AAL Shipping has confirmed two additional heavylift multi-purpose ships ordered by parent Schoeller Holdings will join its fleet.

DCN earlier reported that Schoeller had place orders for two further two 32,000 DWT Super-B type vessels with Huangpu Wenchong Shipbuilding, part of the China State Shipbuilding Corporation.

The Super-Bs are 179.9 x 30 metres with a draft of 15.5 metres and are equipped with 3 x 350-tonne capacity cranes that can be combined to lift 700 tonnes, but the two extra vessels, to be named AAL Newcastle and AAL Mumbai, will have that capacity lifted to 800 tonnes thanks to an upgrading of crane capacity to 400 tonnes.

The design features two large box-shaped cargo holds optimised for dry bulk, featuring adjustable pontoon triple decks and no centre line bulkhead. The deck space and capacity are more optimised, in line with the concept of green shipping construction and better cost performance.

AAL CEO Kyriacos Panayides said the new order brought the company’s newbuilding fleet up to eight vessels and 256,000 DWT. “This is a strategic move to strengthen our global industrial projects foothold and boost our capacity and service levels on major shipping lanes connecting Oceania, Asia, Middle East, Europe, and the Americas.

“A huge investment of this kind for our third-generation newbuilding plan is not something we take lightly, as it was made with our project customer cargo needs on top of mind and combining 30 years of experience in this challenging and demanding industry we serve – a true leap into the future. We are incredibly proud of all the work that has gone into the innovative design and development of this fleet,” Mr Panayides said.
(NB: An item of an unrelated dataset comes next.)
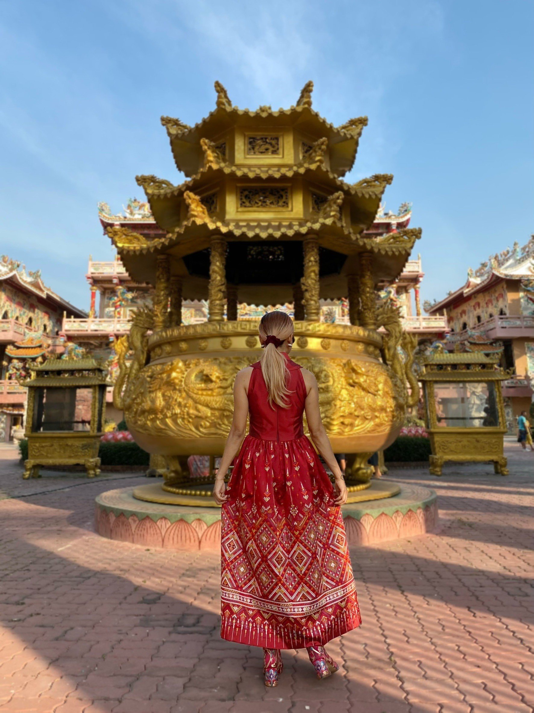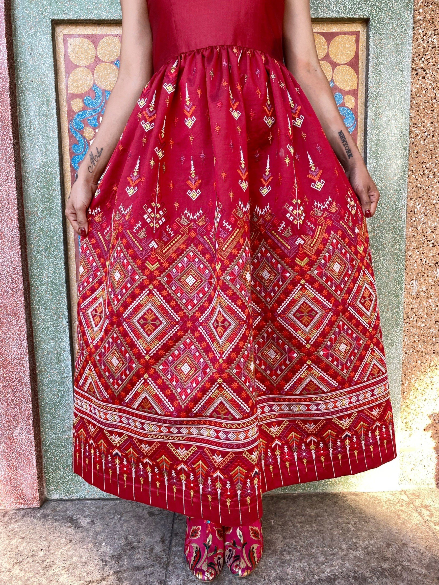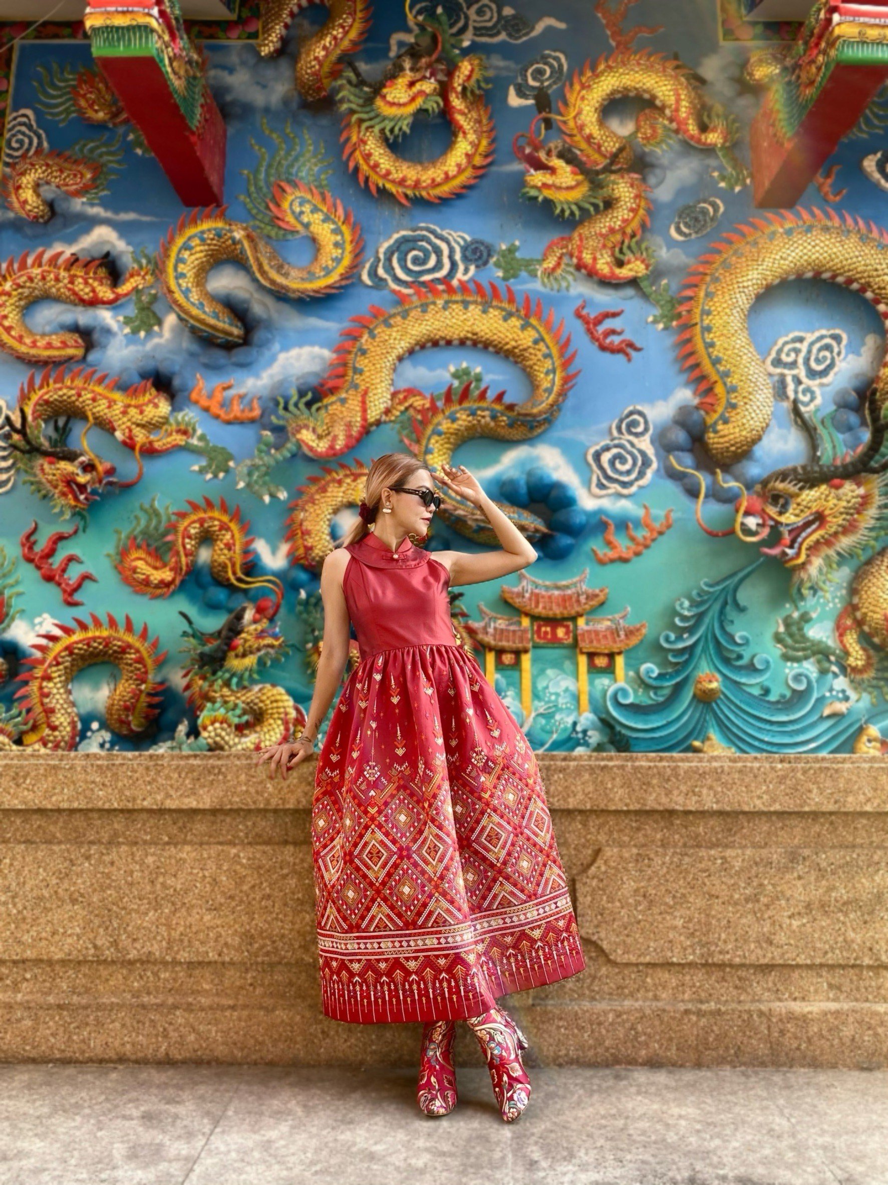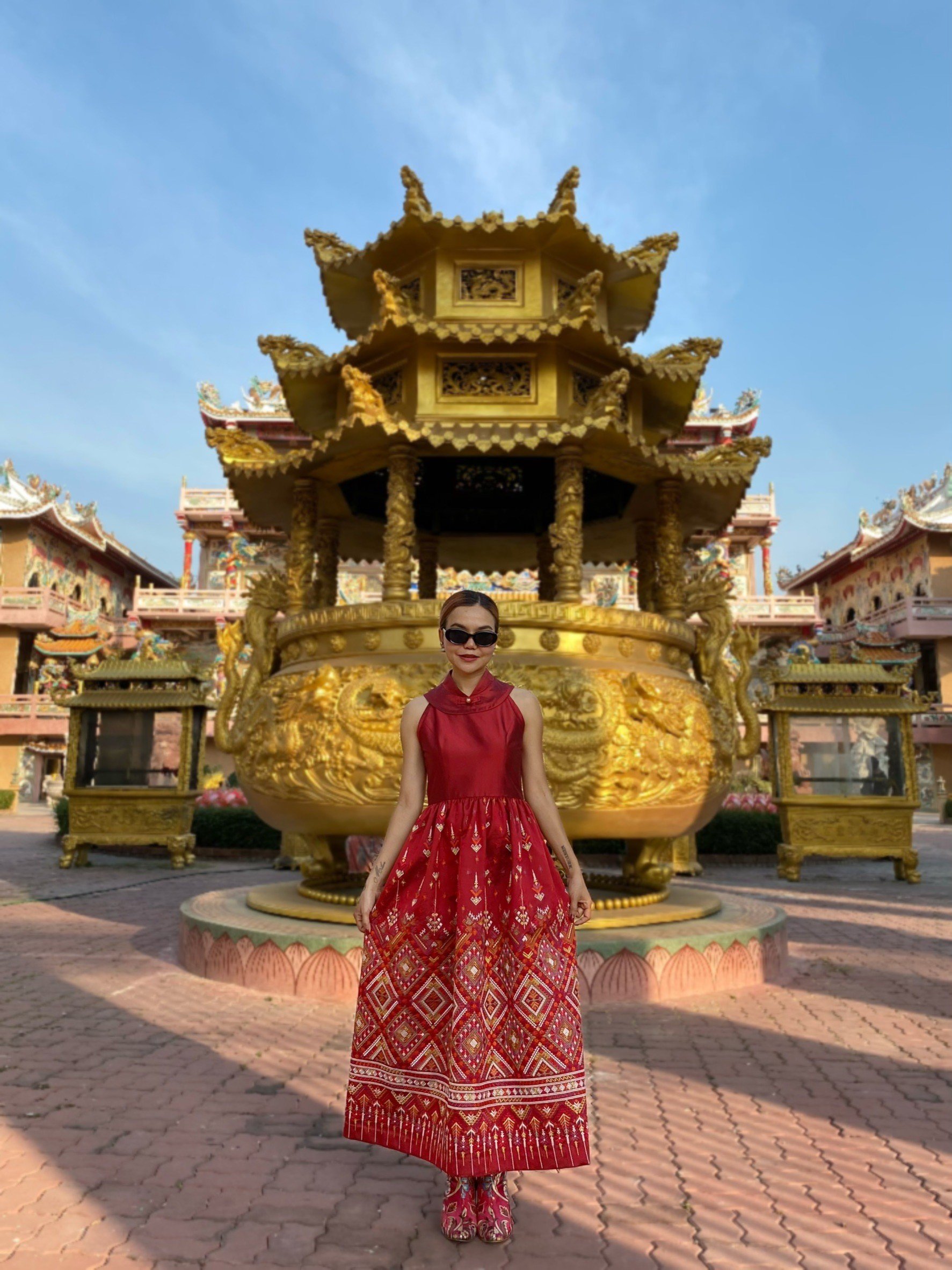 Maxi Dress จากผ้าขาวม้า ทอจากโรงทอจังหวัดราชบุรี

Meanwhile, AAL MD Christophe Grammare celebrated that the maiden voyage of the first of AAL’s Super B-Class fleet, AAL Limassol, had already broken all voyage performance records for AAL, with over 77,000 freight tonnes of cargo booked onto its planned journey from Asia to Europe.

“(It has) a broad mix of project heavy lift and general cargo includes two 135-metre-long barges – 1,650 and 1,425 tonnes respectively – fifteen 80.5-metre wind blades, modules, trucks, transformers, a dismantled crane and much more besides. This demonstrates the objective of achieving greater economies of scale for our shippers as compared to most other MPVs,” he said.

“Looking into the future, the trend in industrial project cargo is towards fabricating larger and more complex components, and we need to be ahead of that curve. These new ships’ unique design … allows them to also accommodate the far bigger and heavier cargoes of tomorrow, ones that until now may have been out of our reach.”